▶ _What to produce_: From the listing that follows, output everything exactly except the pictures.

■ ■ ■

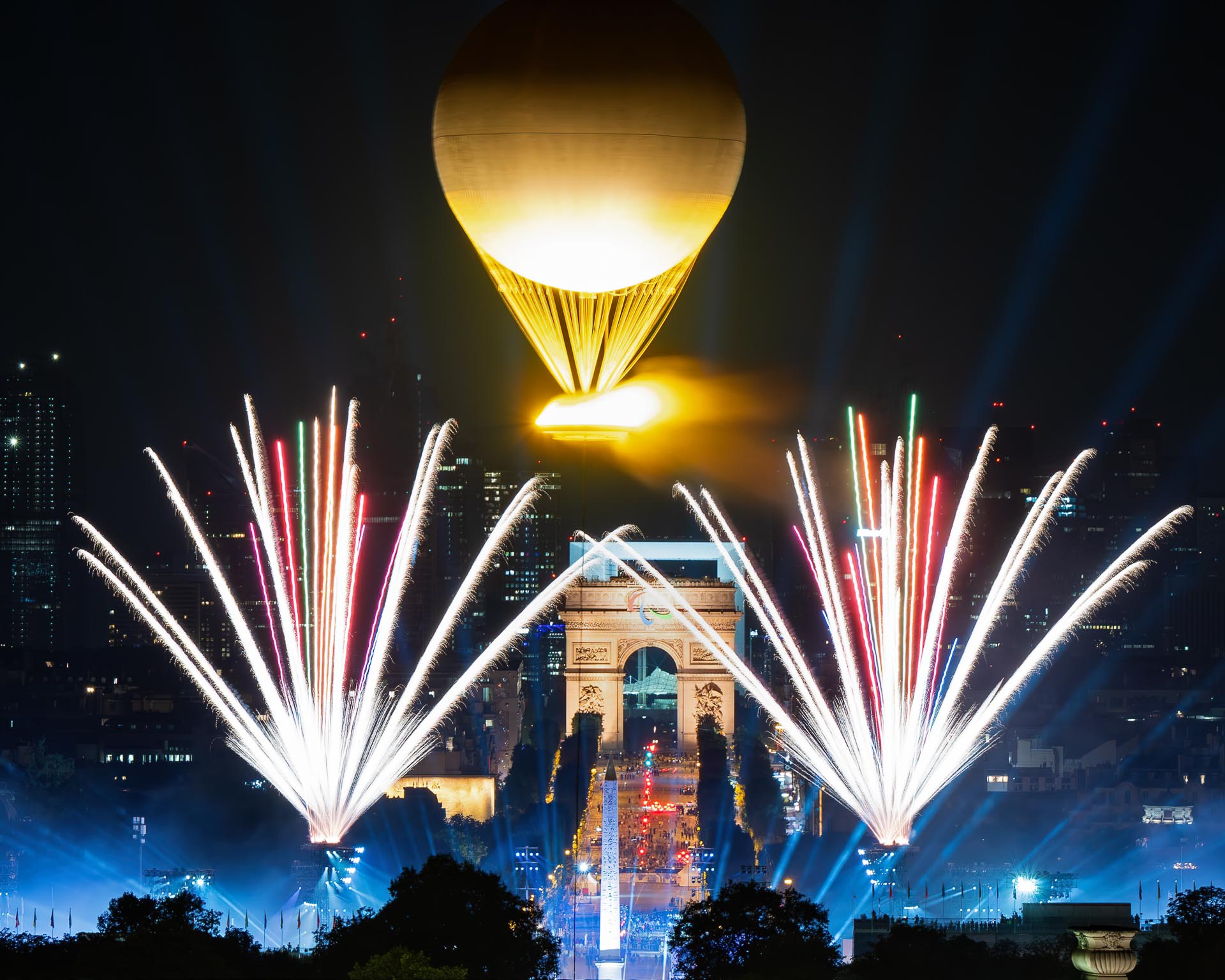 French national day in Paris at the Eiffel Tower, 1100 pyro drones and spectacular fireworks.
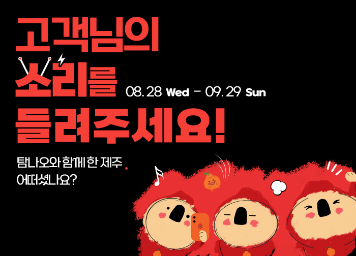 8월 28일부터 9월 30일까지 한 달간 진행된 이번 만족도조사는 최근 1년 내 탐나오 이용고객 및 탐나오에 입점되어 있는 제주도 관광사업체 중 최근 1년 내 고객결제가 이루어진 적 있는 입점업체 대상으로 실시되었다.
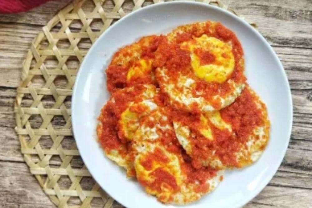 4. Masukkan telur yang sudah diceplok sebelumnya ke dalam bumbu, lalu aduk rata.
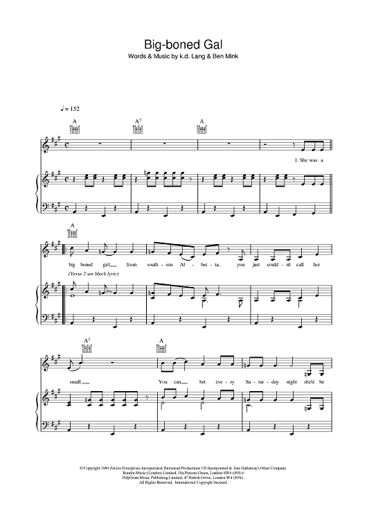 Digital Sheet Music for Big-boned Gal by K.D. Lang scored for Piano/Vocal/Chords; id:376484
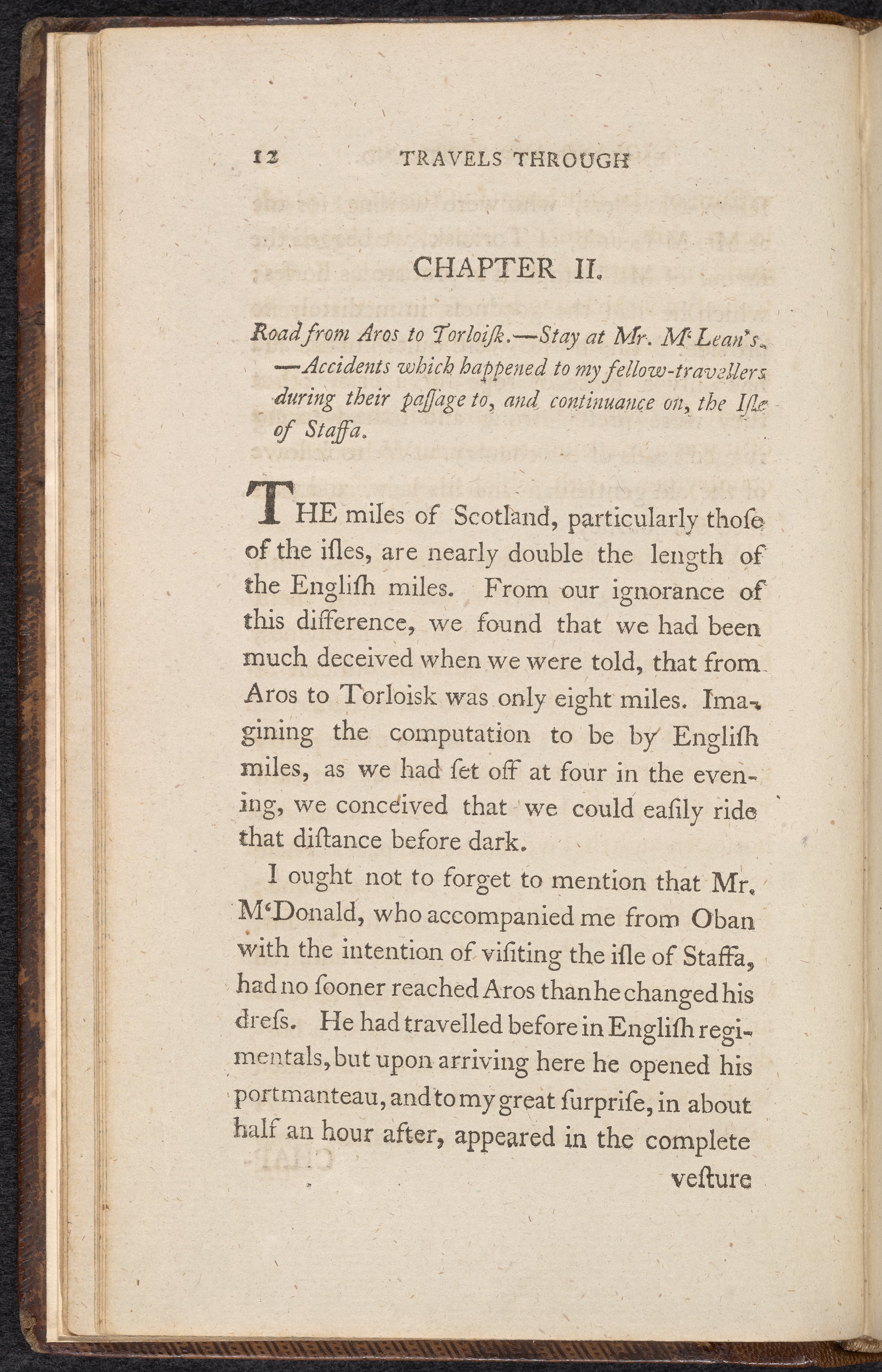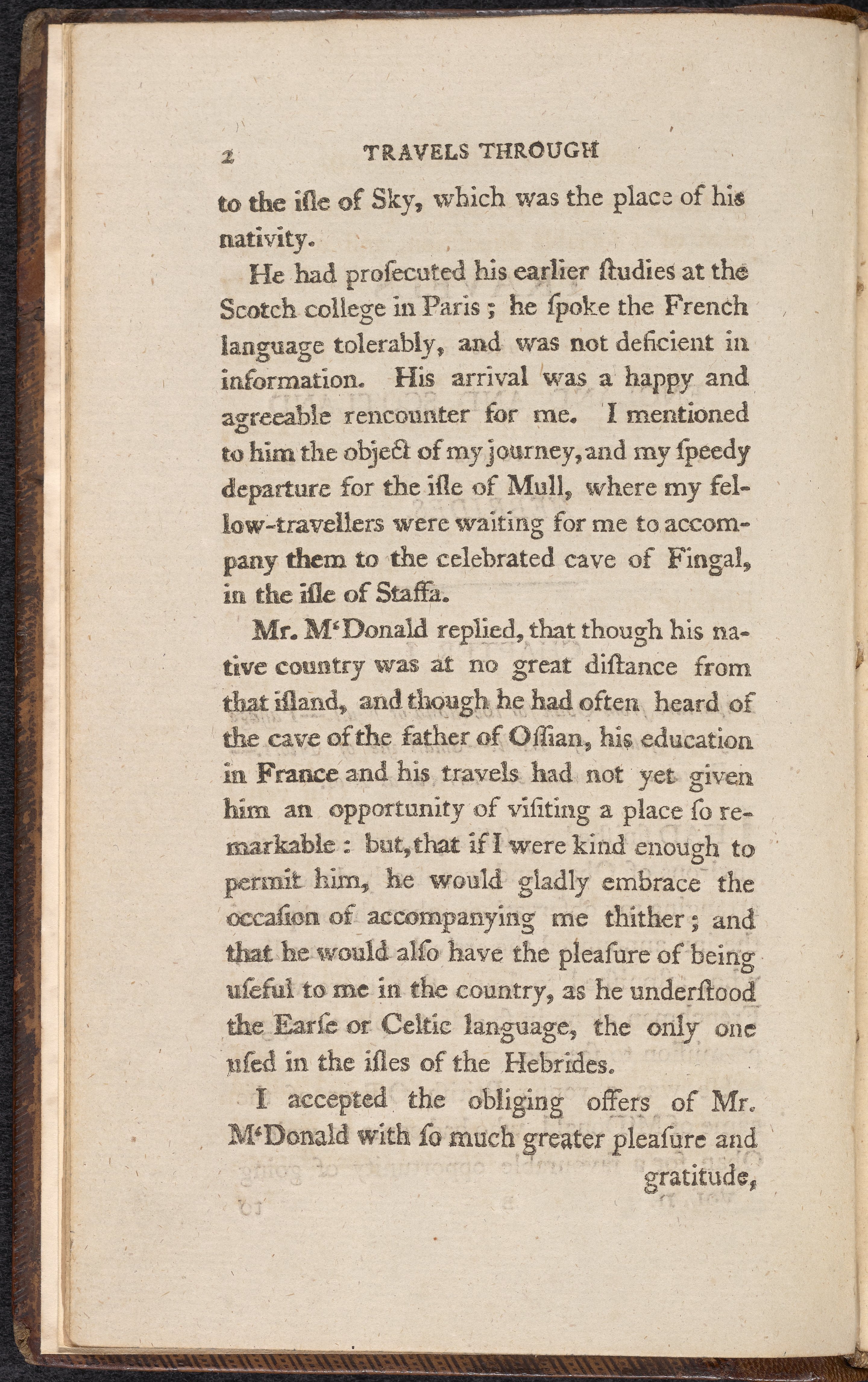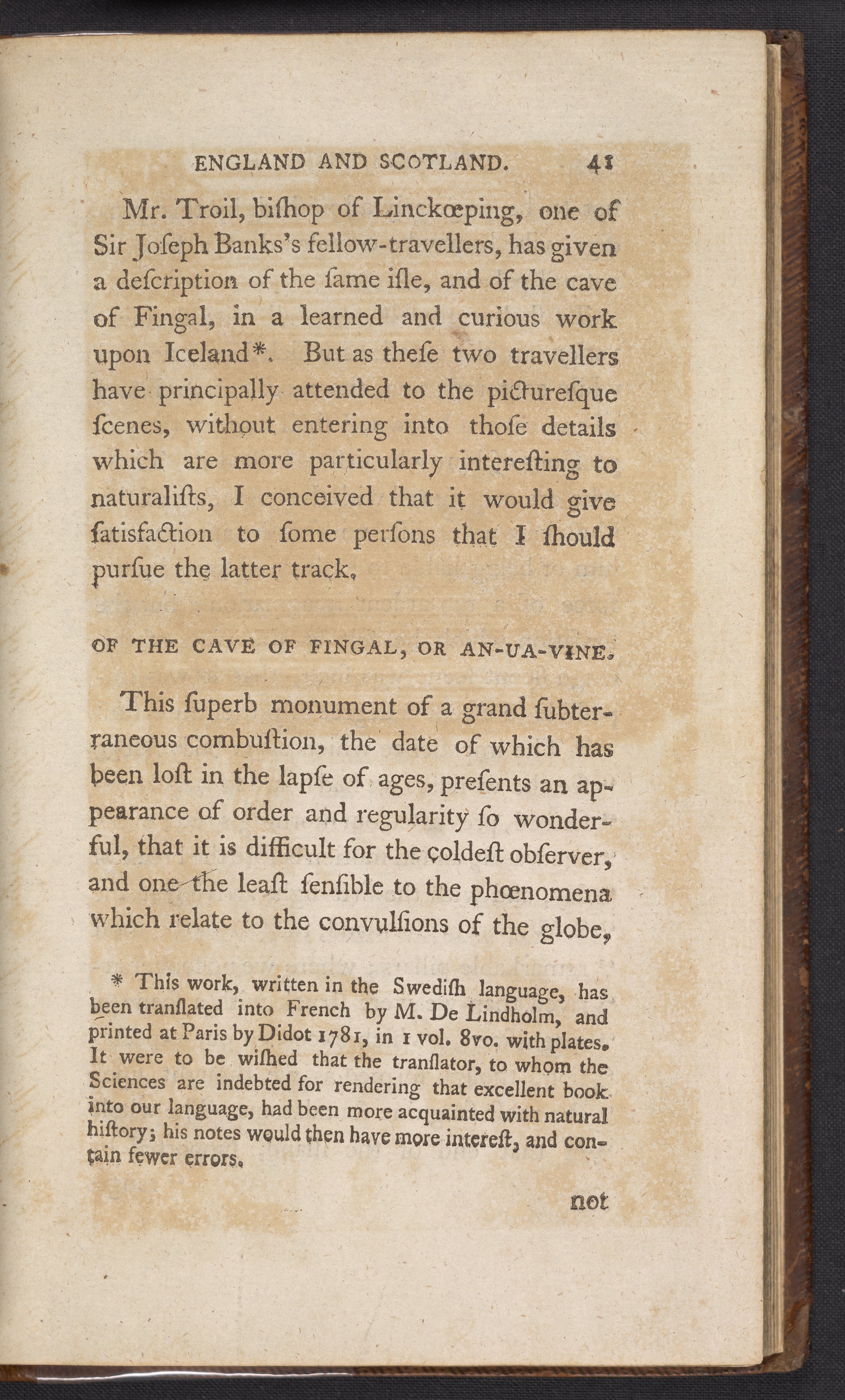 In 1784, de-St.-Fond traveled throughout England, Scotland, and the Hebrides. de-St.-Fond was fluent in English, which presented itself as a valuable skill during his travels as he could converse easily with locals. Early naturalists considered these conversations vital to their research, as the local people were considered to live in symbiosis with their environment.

■ ■ ■

▶ _Output below_:
 French national day in Paris at the Eiffel Tower, 1100 pyro drones and spectacular fireworks.
 8월 28일부터 9월 30일까지 한 달간 진행된 이번 만족도조사는 최근 1년 내 탐나오 이용고객 및 탐나오에 입점되어 있는 제주도 관광사업체 중 최근 1년 내 고객결제가 이루어진 적 있는 입점업체 대상으로 실시되었다.
 4. Masukkan telur yang sudah diceplok sebelumnya ke dalam bumbu, lalu aduk rata.
 Digital Sheet Music for Big-boned Gal by K.D. Lang scored for Piano/Vocal/Chords; id:376484
 In 1784, de-St.-Fond traveled throughout England, Scotland, and the Hebrides. de-St.-Fond was fluent in English, which presented itself as a valuable skill during his travels as he could converse easily with locals. Early naturalists considered these conversations vital to their research, as the local people were considered to live in symbiosis with their environment.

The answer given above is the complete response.